I decided weeks ago that my word for this year would be “intentional.”
It might be ridiculously overused; almost a buzz-word at this point, but it sums up exactly what I was needing–and aware I was needing–by the end of December.
My life was slowly veering into the “keeping up with the daily” that is so much of mom-ness, with lots of floating around in the in-between times; or, on other days, the pin-balling of incessant reacting. The day would end and I would realize that while things “got done,” nothing worthy was really accomplished.
I spent three days writing down every. single. thing I did during the day, and then sat down to figure out how to make things work better. I figured out where I had huge windows of time to play with, where things got complicated quickly, and saw clearly that sometimes things just happen: there really is a limit to any control we attempt. I wrote down the things I wanted to see in our home (among them more art, more read-alouds, more time outside when feasible) and began to lay out a new plan for our days.
The start of this year has been beginning to put that plan into place.
I started with a little bit of art time immediately after breakfast with my little. Sometimes big sister joins us, sometimes it’s just she and I. Cutting snowflakes, watercolor painting, play-doh…we’re open. Today art time looked like her snuggled up under the tablecloth-draped fort of a card table with a new stencil set from Gramma while I took down the Christmas tree, ornaments spread all over her “roof.”
That was an intentional decision, too: after planning on taking down the tree “on the 6th,” which I’d been stating for weeks, I realized the weather was not my friend in this endeavor. I want to take down a tree in full sunshine, not lose all our Christmas lights on a gray, rainy day. So I checked the weather and opted for today. Our big dog is curled up in a huge patch of sunshine that’s been blocked by the tree for a month and a half, happy as can be. (For that matter, so am I.)

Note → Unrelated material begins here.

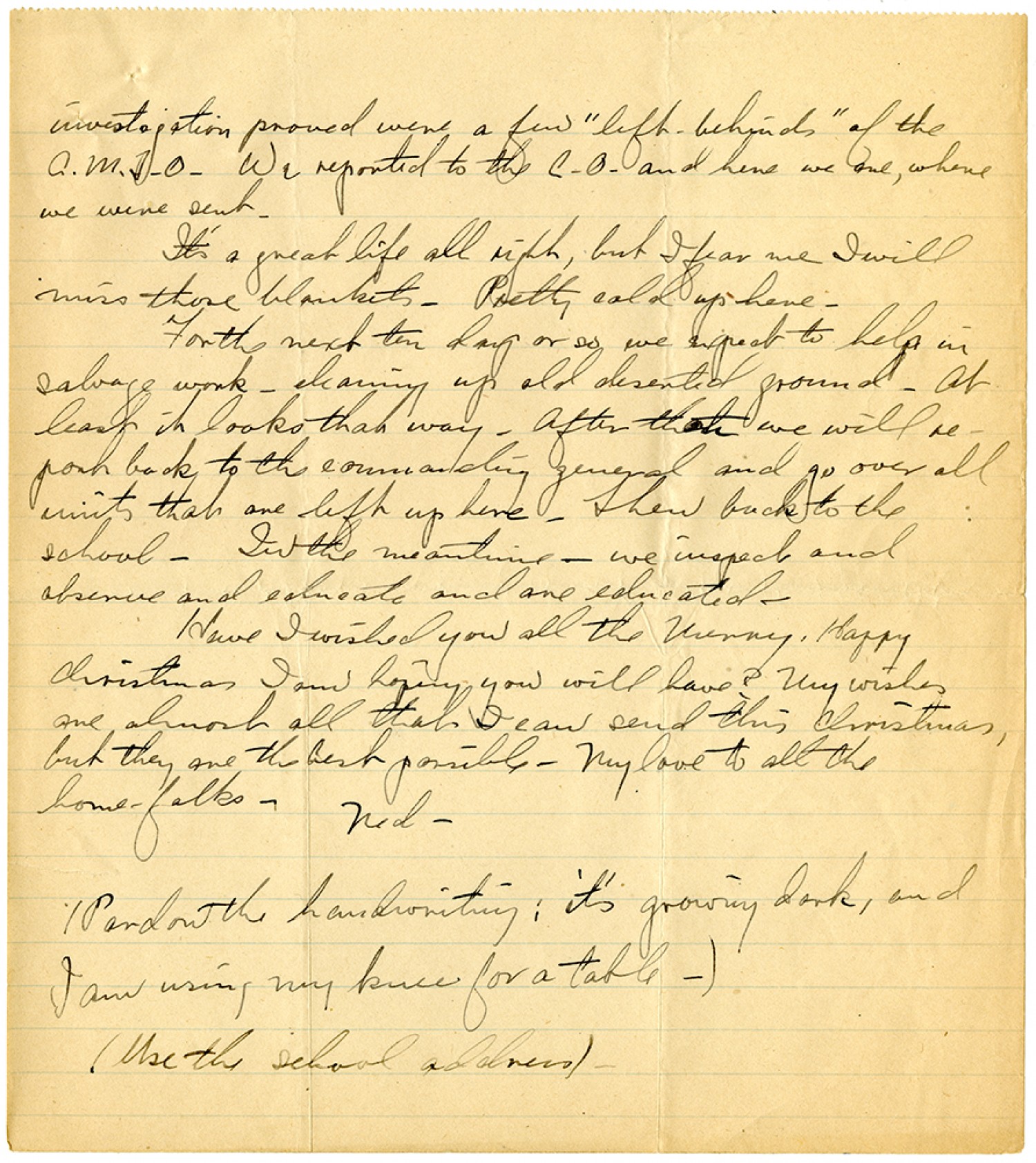 investigation proved were a few "left-behinds" of the C.M.T.O. We reported to the C.O. and here we are, where we were sent. It's a great life all right, but I fear me I will miss those blankets. Pretty cold up here. For the next ten days or so we expect to help in salvage work - cleaning up old deserted ground. At least it looks that way. After that we will report back to the commanding general and go over all units that are left up here. Then back to the school. In the meantime - we inspect and observe and educate and are educated. Have I wished you all the Merry, Happy Christmas I am hoping you will have? My wishes are almost all that I can send this Christmas, but they are the best possible. My love to all the home-folks. Ned. (Pardon the handwriting; it's growing dark, and I am using my knee for a table-) (Use the school address)-

I thought our read-aloud would be pegged onto our snack time, but it’s looking more like a breakfast thing at this point. I don’t care–it’s happening. I want a routine, and I know we’ll get there, but at least right now I can see it happening.
Outside time? Well….with the temperature here eventually warming up into the low 20’s, that hasn’t exactly been a priority. I’ve kept the birds (and squirrels…sigh) fed, and the birdbath filled, and that’s probably enough for now.
I guess, this year, I want to be “pursuing enough” of the right things.